10.9.10

Emotional Outburst Reason 4b

I need this weekend.  It's not that I'm that tired but I need some fun.  My life right now consists of waking up, riding the bus, working, riding the bus, a bit of time on the interwebs and then bed.  Rinse.  Repeat.  I also lost my key card which is really not cool.  I'm pretty sure that it is $25 to replace.  I thought that I had it on my sweater that I wore yesterday and had just forgotten to take it off but I presume that is not the case as it is not there now.

Part of the whole "no me time" thing is also the whole "no social life" thing.  I miss everyone back home.  It really sucks as I am without a telecommunications device at the moment.  I hate that I can't text Julia throughout the day or call Mikay to hear how the latest Waxies gig went.  I want to just sit on the couch and have a big discussion about nothing in particular with Nora.  Most of all, I want to be able to see everyone and get a great big hug.  I could use that about now.

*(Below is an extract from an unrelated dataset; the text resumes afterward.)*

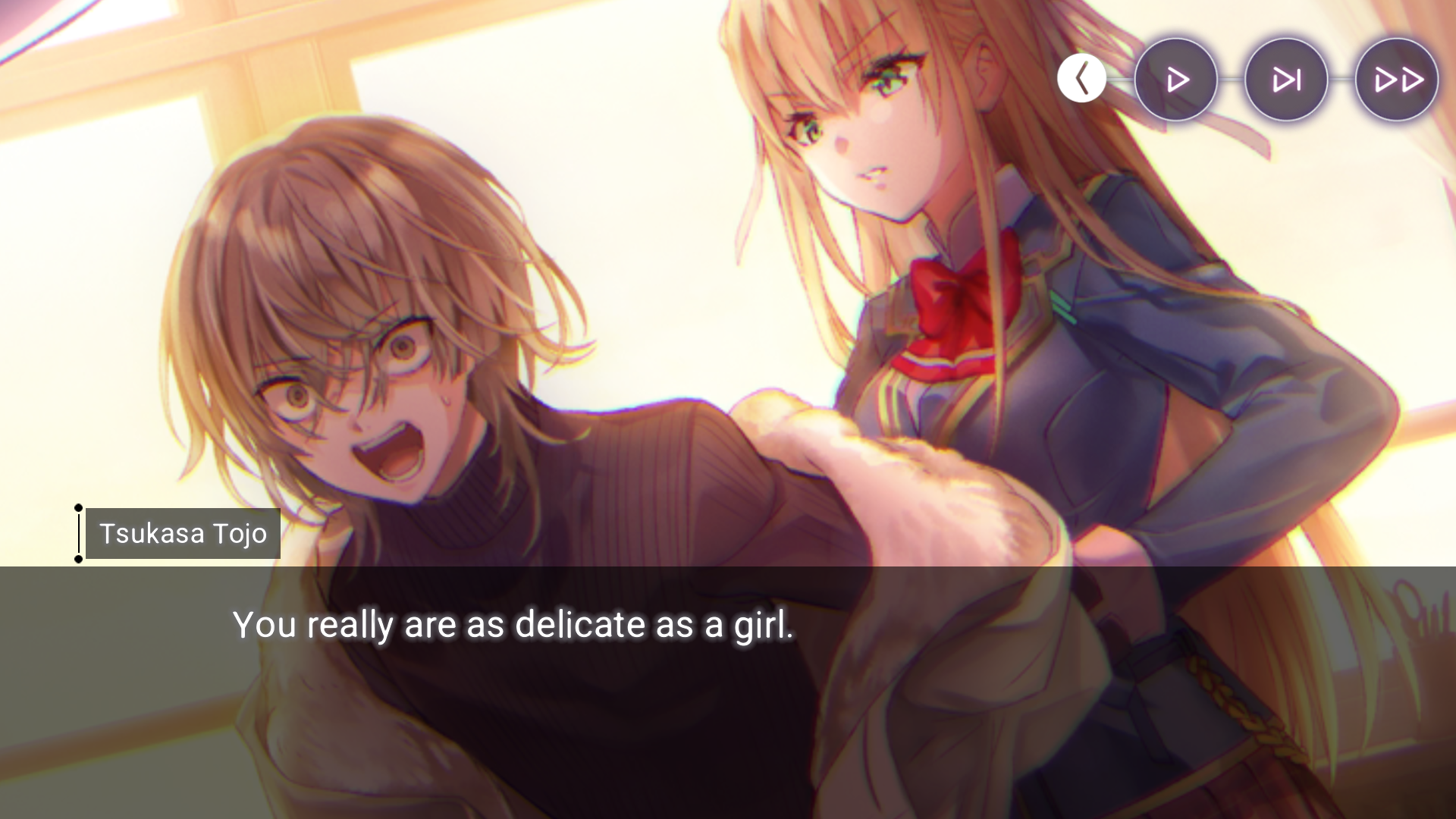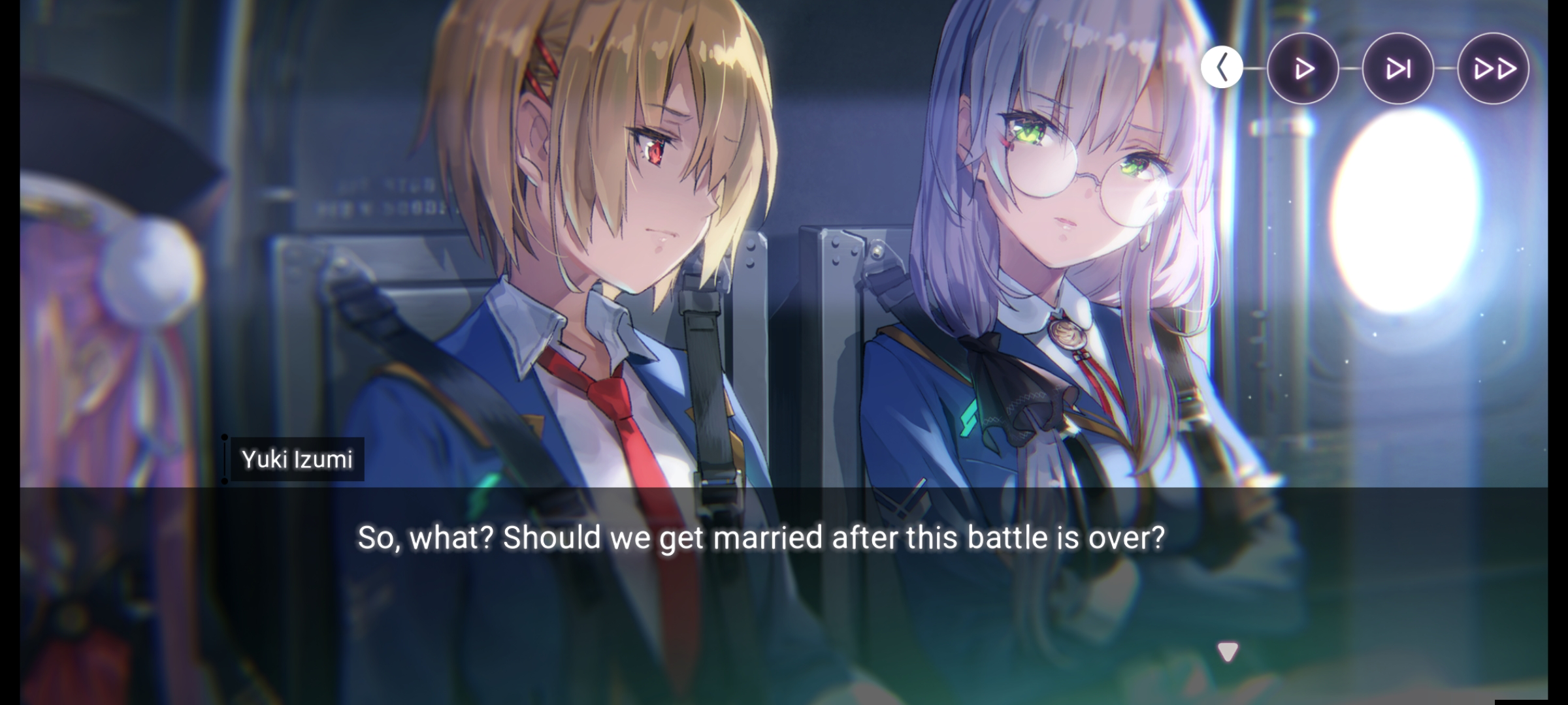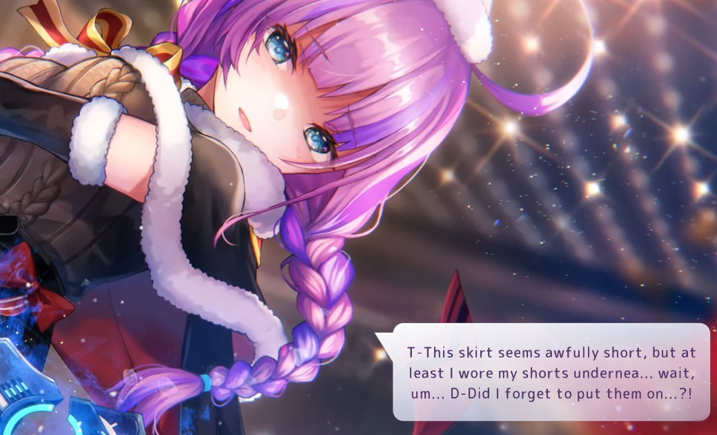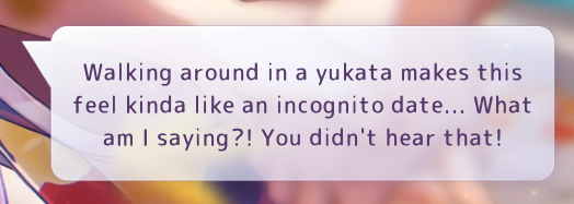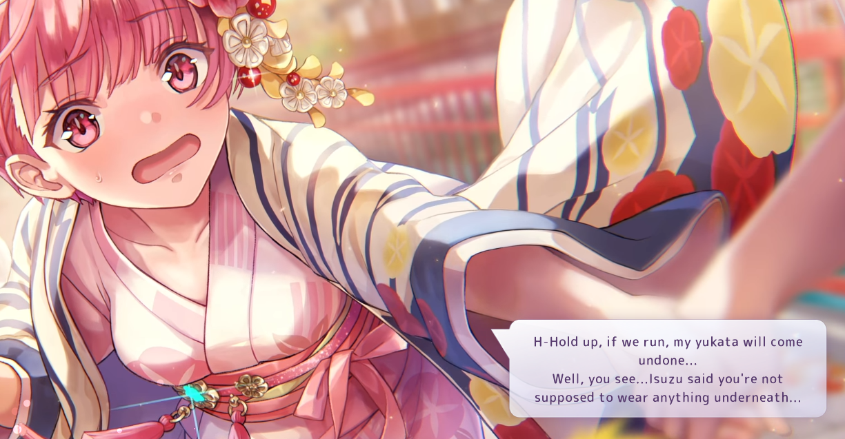 >>6029215 Форма ее пре-фронтовой бытности, отсылающая к Heaven's Door. Но игровой костюмчик примечателен даже не этим. Обычно при выставлении на главный экран анимированной мемории реплики персонажа представляют собой или мысли вслух, или обращение к абстрактному слушателю. А тут Юри адресно извиняется перед Хинатой (предварительно ухватив того за одежду, судя по всему).

Class went better yesterday but I'm still not feeling great about teaching skills and feeling really crappy about my Chinese skills.  We were calling about ESL classes and I got to hear Alex speaking Chinese and he totally kicks my ass.  I knew that I wasn't anywhere near fluent but I'm coming to the realization of just how far away I am.  Also, my students have incredibly limited English and they know that I speak some Chinese which means that if they have a question, they automatically resort to Chinese.  It also means that I can't help them.  That feeling of helplessness just gets heaped onto the pile of all the reasons why I need a hug.  Boo!